---------- Supplied material ----------

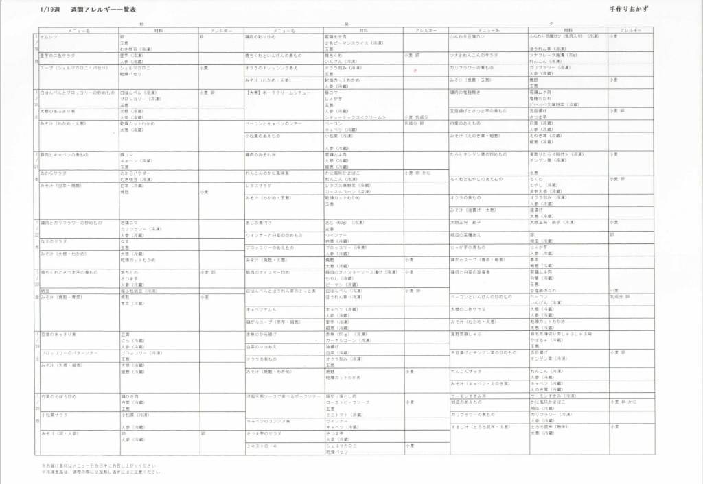 1/19~1/125の献立表を公開させていただきます。
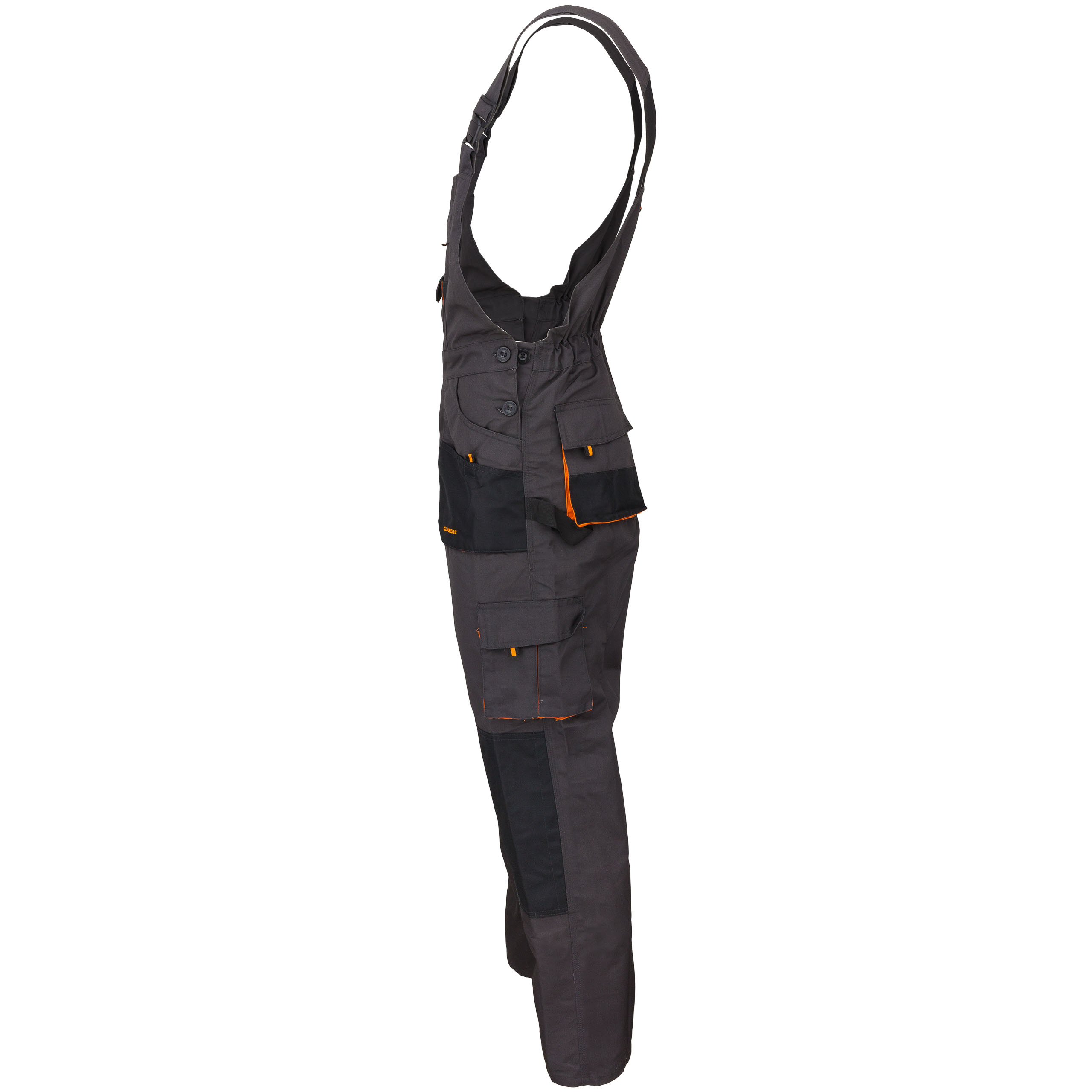 - можливість регулювання ширини талії завдяки бічній застібці на гудзики та вшитому еластичному поясі, що забезпечує комфорт при згинанні та роботі на колінах
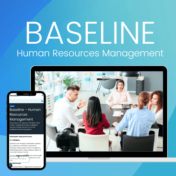 If you’re an HR manager, training leader, or aspiring to lead people and culture functions in hospitality, this course is your benchmark. The Baseline – Human Resources Management certification assesses your expertise across the core pillars of hotel HR: recruitment, compliance, employee relations, performance management, and training.
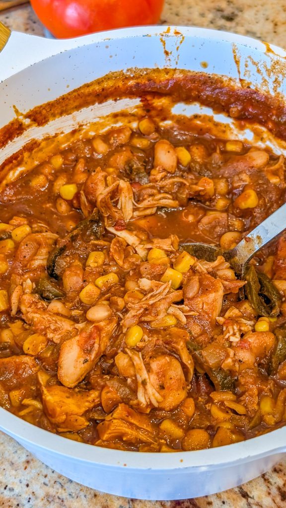 This chili keeps well in storage. After letting it cool fully, move it to an airtight container and keep it in the refrigerator for up to three or four days. It can be frozen for up to three months for extended storage. To preserve its creamy texture, just thaw overnight in the fridge and reheat slowly on the stove or in the microwave, stirring occasionally.
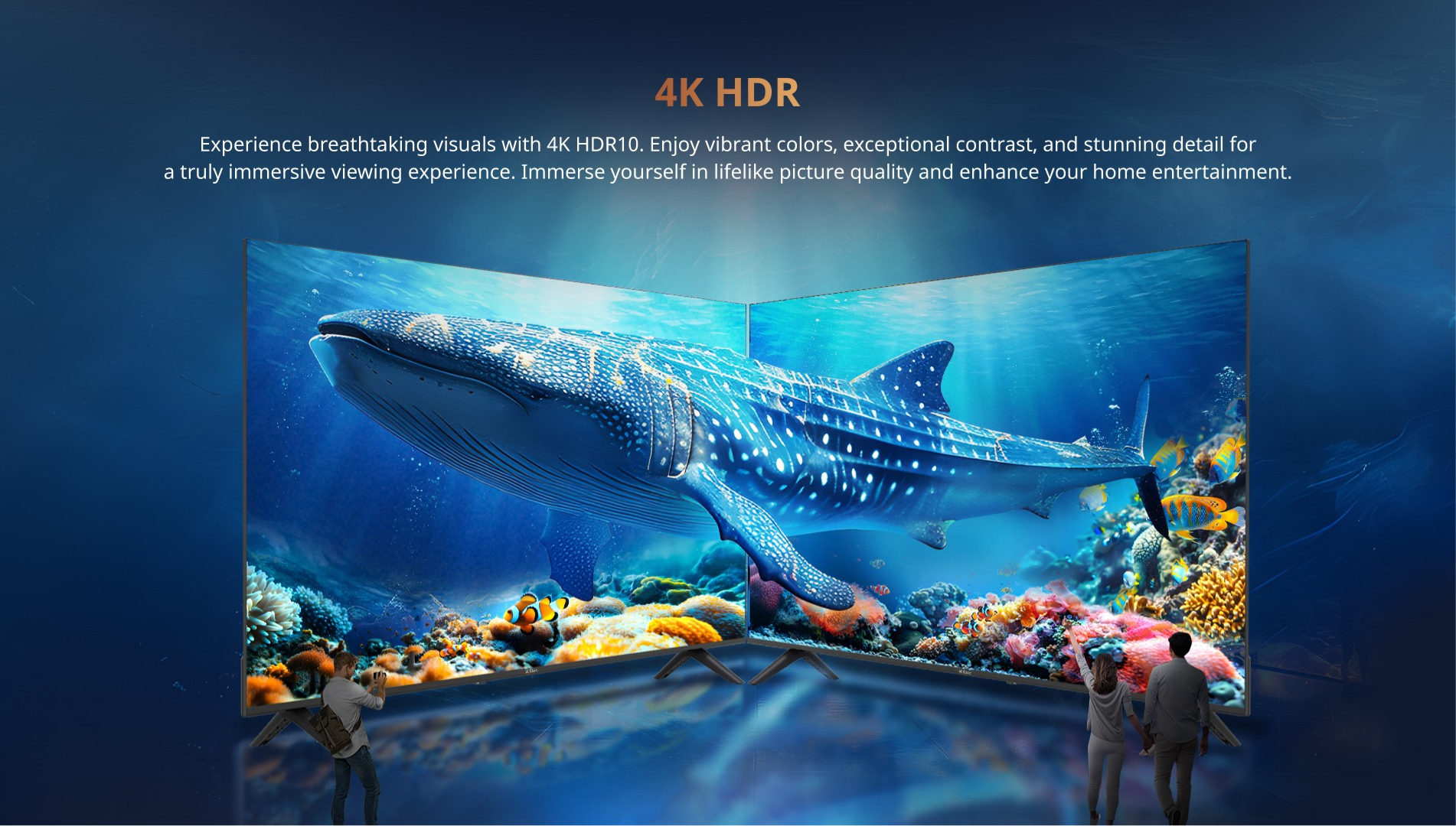 Trải nghiệm hình ảnh ngoạn mục với công nghệ 4K HDR10. Tận hưởng màu sắc sống động, độ tương phản vượt trội và chi tiết sắc nét đến kinh ngạc. Đắm mình trong chất lượng hình ảnh chân thực như cuộc sống, nâng tầm không gian giải trí tại gia của bạn.
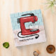 Retro red stand mixer recipe binder or personal cookbook on a faux tile and marble background, perfect for your keepsake cooking and baking family favorites recipe collection.
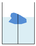 Trong một bình nước hình trụ có một khối nước đá nổi được giữ bằng một sợi dây nhẹ, không giãn (hình vẽ). Biết lúc đầu lực căng của sợi dây là 10 N. Hỏi mực nước trong bình thay đổi như thế nào nếu khối nước đá tan hết? Cho diện tích mặt thoáng của nước trong bình là \(100\,\,c{m^2}\), khối lượng riêng của nước là \(1000\,\,kg/{m^3}\).
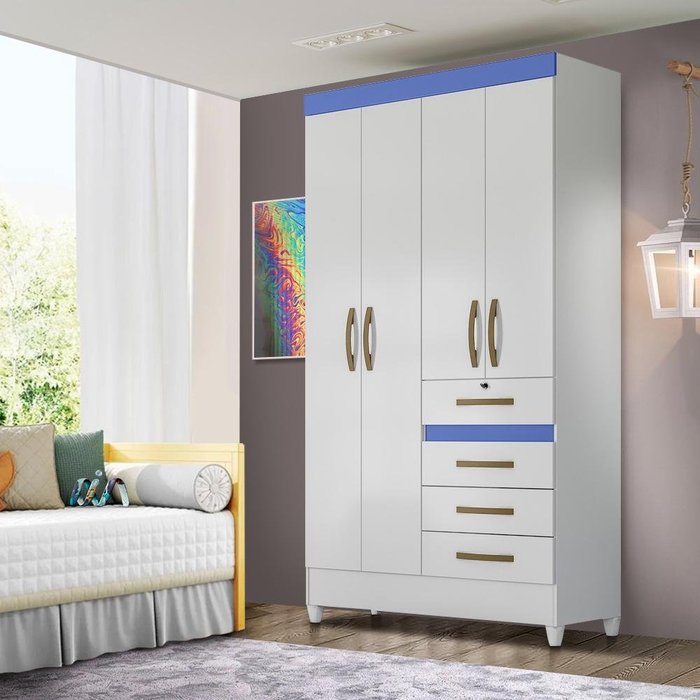 Guarda Roupa Solteiro 4 Portas 4 Gavetas Branco Azul Flex Silver Shop JM Branco Azul
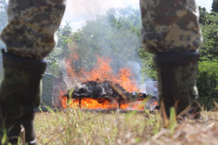 Posteriormente, en las instalaciones del Décimo Batallón de Infantería de la XXXIII Zona Militar, se llevó a cabo la incineración de 73 kilos 596 gramos de marihuana, 15 gramos de cocaína, 339 gramos de metanfetamina, 530 kilos 946 gramos de clorhidrato de cocaína, 64 gramos de clorhidrato de metanfetamina y 10 gramos de clobenzorex.
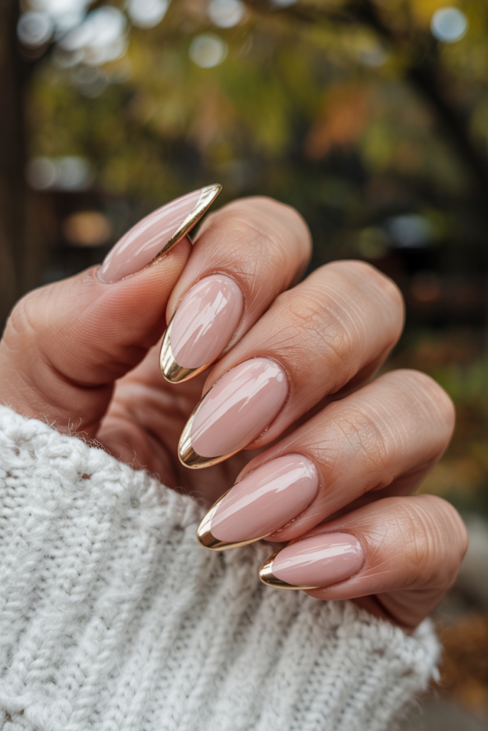 These nude almond nails with a very fragile gold tip are so glamorously regal, like wearing satin gloves as you walk down the isle. This style borders between elegance and subtle confidence, which is great among the women who need to feel classy without appearing ostentatious. It ushers frills with each wrist movement and is absolutely stunning in any fall event.
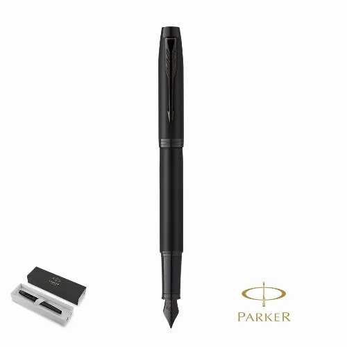 Parker fountain pen IM Achromatic, made in stainless steel with matte black lacquer finish and blue ink.
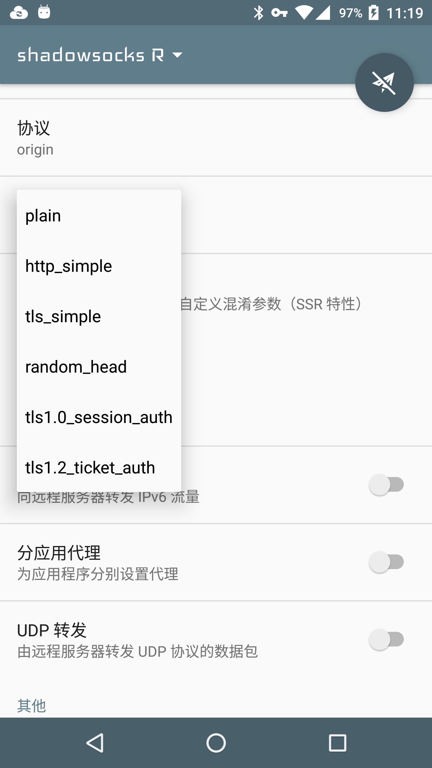 1.支持 Shadowsocks R 的混淆和协议,可以自己设置。
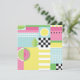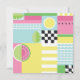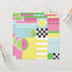 Cute summer design, watermelon, kiwi fruit, sea waves, colorful mosaic, pink, yellow, green, blue, pop art pattern
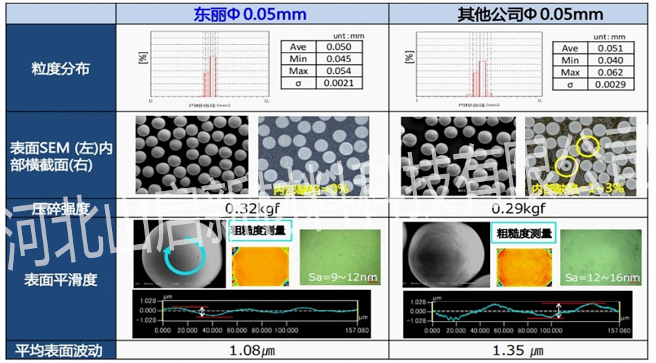 lφ0.1毫米以下的珠子在粒度分布和表面平滑度方面质量较高,平滑度是其他品牌的1.2-1.8倍,能有效提高粉碎效果
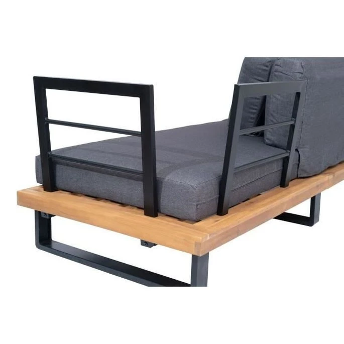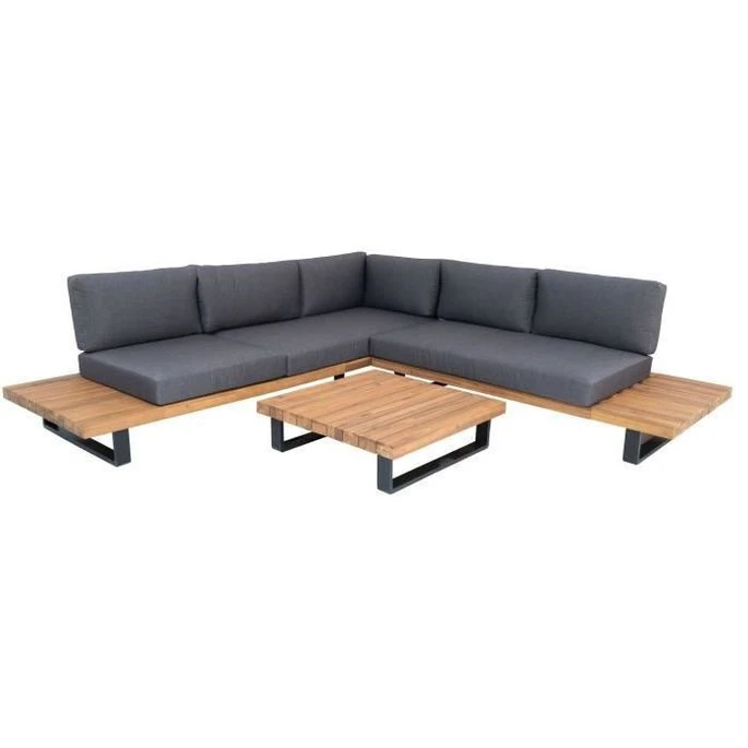 ALUXE Salon De Jardin En Bois D’acacia Et Pieds En Aluminium, Canapé D’angle Et Une Table Basse
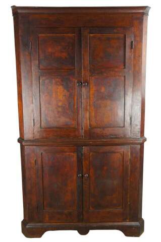 A gorgeous distressed walnut primitive corner cabinet or linen wardrobe. Circa 1850s. Features beautifully paneled doors and a painted white interior with four upper and two lower shelves. A warming addition to any space.
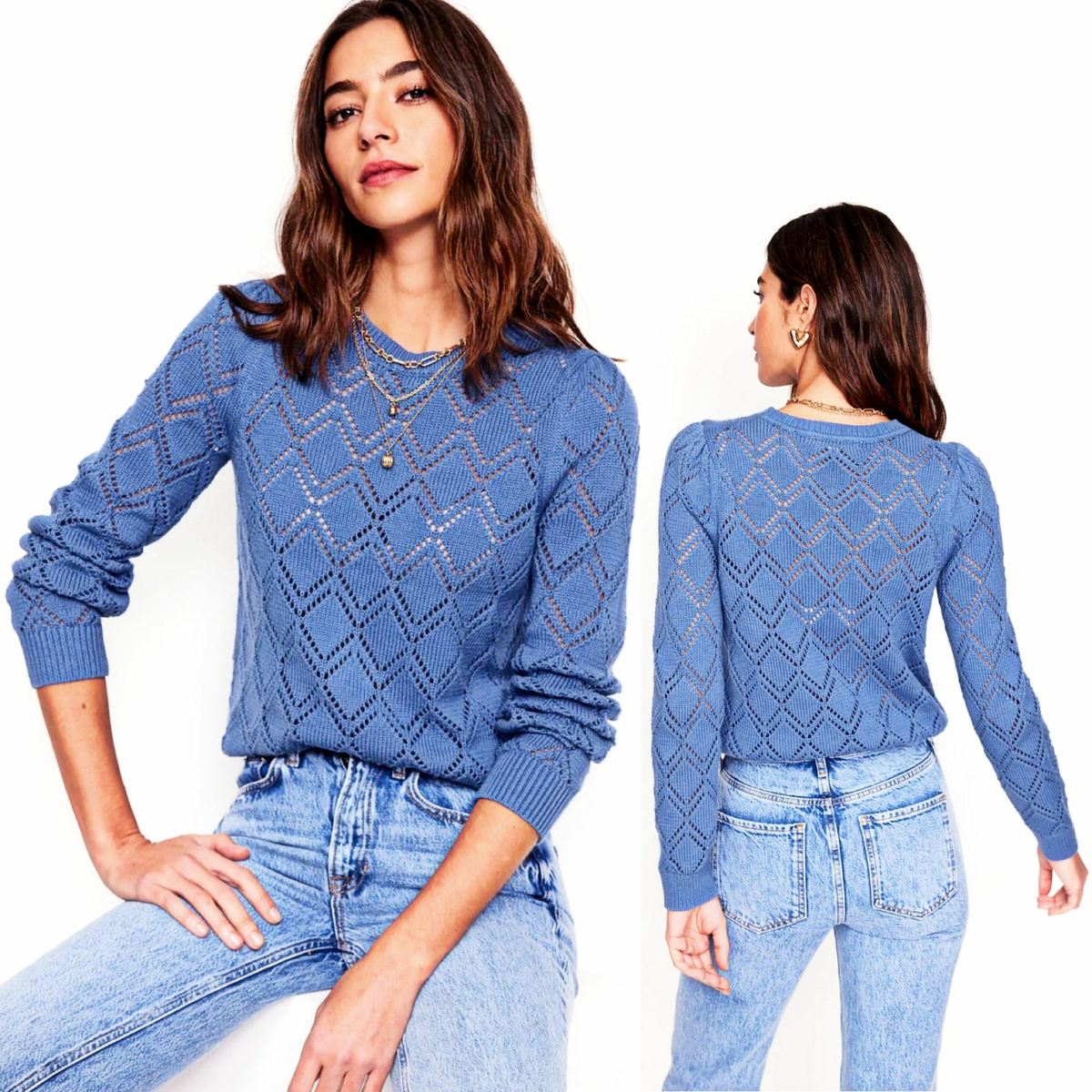 Пожалуй, ажурные ромбы — самый простой и универсальный узор, с которым справится даже новичок! Но от этого он не становится менее красивым, верно? Фабричная модель из лёгкого мерсеризованного хлопка идеально подходит для будущей весны.
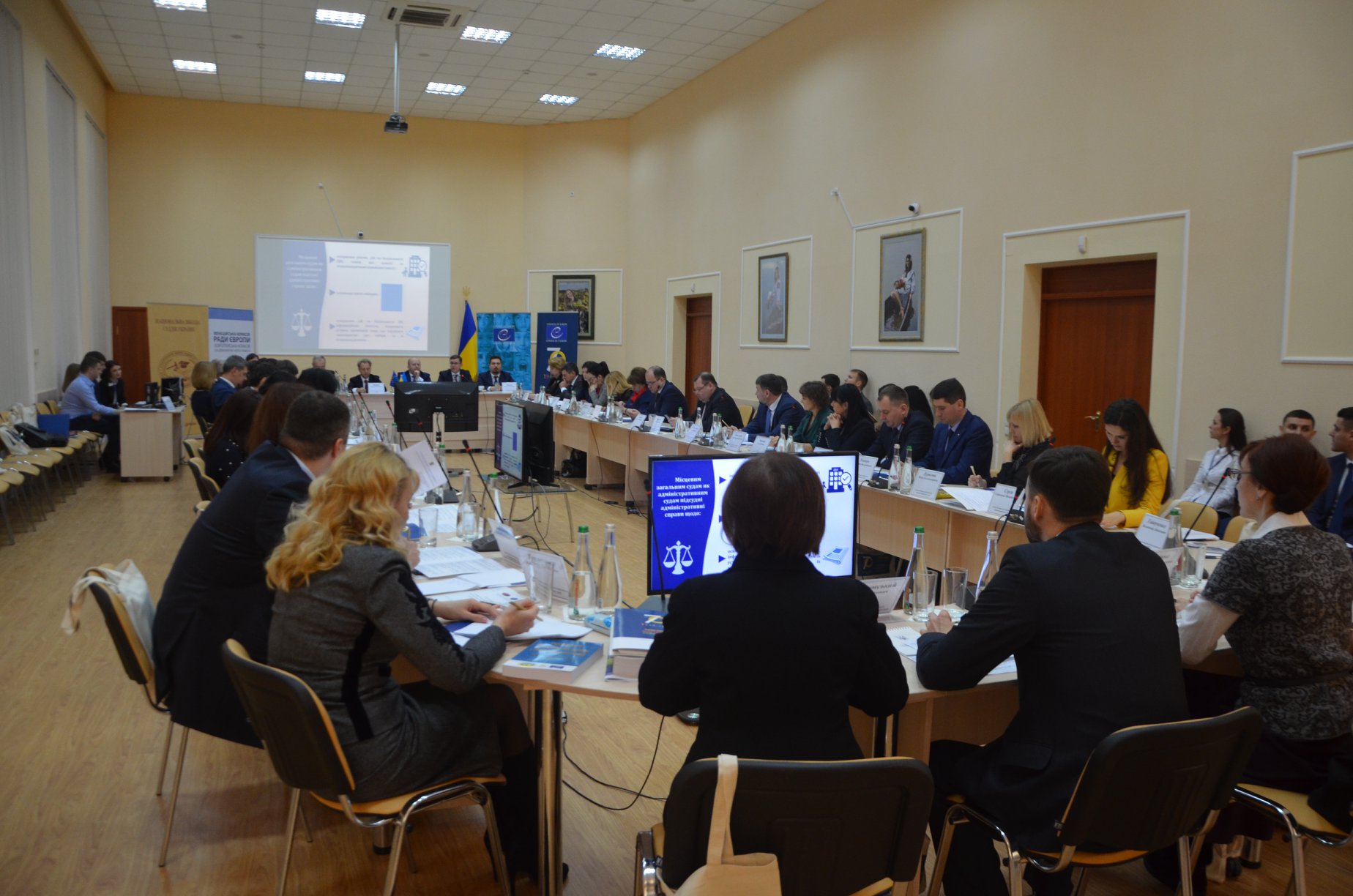 Відкривали цю фахову зустріч суддів адмінсудів ректор Національної школи суддів України Микола Оніщук, голова Касаційного адміністративного суду Михайло Смокович, очільник 7 апеляційного адміністративного суду Віталій Кузьмишин, секретар Великої палати ВС Всеволод Князєв та керівник проектів Офісу Ради Європи Сергій Ткаченко.

----------

Required work
Transcribe the whole of the data exactly, minus any pictures.

Result below
 1/19~1/125の献立表を公開させていただきます。
 - можливість регулювання ширини талії завдяки бічній застібці на гудзики та вшитому еластичному поясі, що забезпечує комфорт при згинанні та роботі на колінах
 If you’re an HR manager, training leader, or aspiring to lead people and culture functions in hospitality, this course is your benchmark. The Baseline – Human Resources Management certification assesses your expertise across the core pillars of hotel HR: recruitment, compliance, employee relations, performance management, and training.
 This chili keeps well in storage. After letting it cool fully, move it to an airtight container and keep it in the refrigerator for up to three or four days. It can be frozen for up to three months for extended storage. To preserve its creamy texture, just thaw overnight in the fridge and reheat slowly on the stove or in the microwave, stirring occasionally.
 Trải nghiệm hình ảnh ngoạn mục với công nghệ 4K HDR10. Tận hưởng màu sắc sống động, độ tương phản vượt trội và chi tiết sắc nét đến kinh ngạc. Đắm mình trong chất lượng hình ảnh chân thực như cuộc sống, nâng tầm không gian giải trí tại gia của bạn.
 Retro red stand mixer recipe binder or personal cookbook on a faux tile and marble background, perfect for your keepsake cooking and baking family favorites recipe collection.
 Trong một bình nước hình trụ có một khối nước đá nổi được giữ bằng một sợi dây nhẹ, không giãn (hình vẽ). Biết lúc đầu lực căng của sợi dây là 10 N. Hỏi mực nước trong bình thay đổi như thế nào nếu khối nước đá tan hết? Cho diện tích mặt thoáng của nước trong bình là \(100\,\,c{m^2}\), khối lượng riêng của nước là \(1000\,\,kg/{m^3}\).
 Guarda Roupa Solteiro 4 Portas 4 Gavetas Branco Azul Flex Silver Shop JM Branco Azul
 Posteriormente, en las instalaciones del Décimo Batallón de Infantería de la XXXIII Zona Militar, se llevó a cabo la incineración de 73 kilos 596 gramos de marihuana, 15 gramos de cocaína, 339 gramos de metanfetamina, 530 kilos 946 gramos de clorhidrato de cocaína, 64 gramos de clorhidrato de metanfetamina y 10 gramos de clobenzorex.
 These nude almond nails with a very fragile gold tip are so glamorously regal, like wearing satin gloves as you walk down the isle. This style borders between elegance and subtle confidence, which is great among the women who need to feel classy without appearing ostentatious. It ushers frills with each wrist movement and is absolutely stunning in any fall event.
 Parker fountain pen IM Achromatic, made in stainless steel with matte black lacquer finish and blue ink.
 1.支持 Shadowsocks R 的混淆和协议,可以自己设置。
 Cute summer design, watermelon, kiwi fruit, sea waves, colorful mosaic, pink, yellow, green, blue, pop art pattern
 lφ0.1毫米以下的珠子在粒度分布和表面平滑度方面质量较高,平滑度是其他品牌的1.2-1.8倍,能有效提高粉碎效果
 ALUXE Salon De Jardin En Bois D’acacia Et Pieds En Aluminium, Canapé D’angle Et Une Table Basse
 A gorgeous distressed walnut primitive corner cabinet or linen wardrobe. Circa 1850s. Features beautifully paneled doors and a painted white interior with four upper and two lower shelves. A warming addition to any space.
 Пожалуй, ажурные ромбы — самый простой и универсальный узор, с которым справится даже новичок! Но от этого он не становится менее красивым, верно? Фабричная модель из лёгкого мерсеризованного хлопка идеально подходит для будущей весны.
 Відкривали цю фахову зустріч суддів адмінсудів ректор Національної школи суддів України Микола Оніщук, голова Касаційного адміністративного суду Михайло Смокович, очільник 7 апеляційного адміністративного суду Віталій Кузьмишин, секретар Великої палати ВС Всеволод Князєв та керівник проектів Офісу Ради Європи Сергій Ткаченко.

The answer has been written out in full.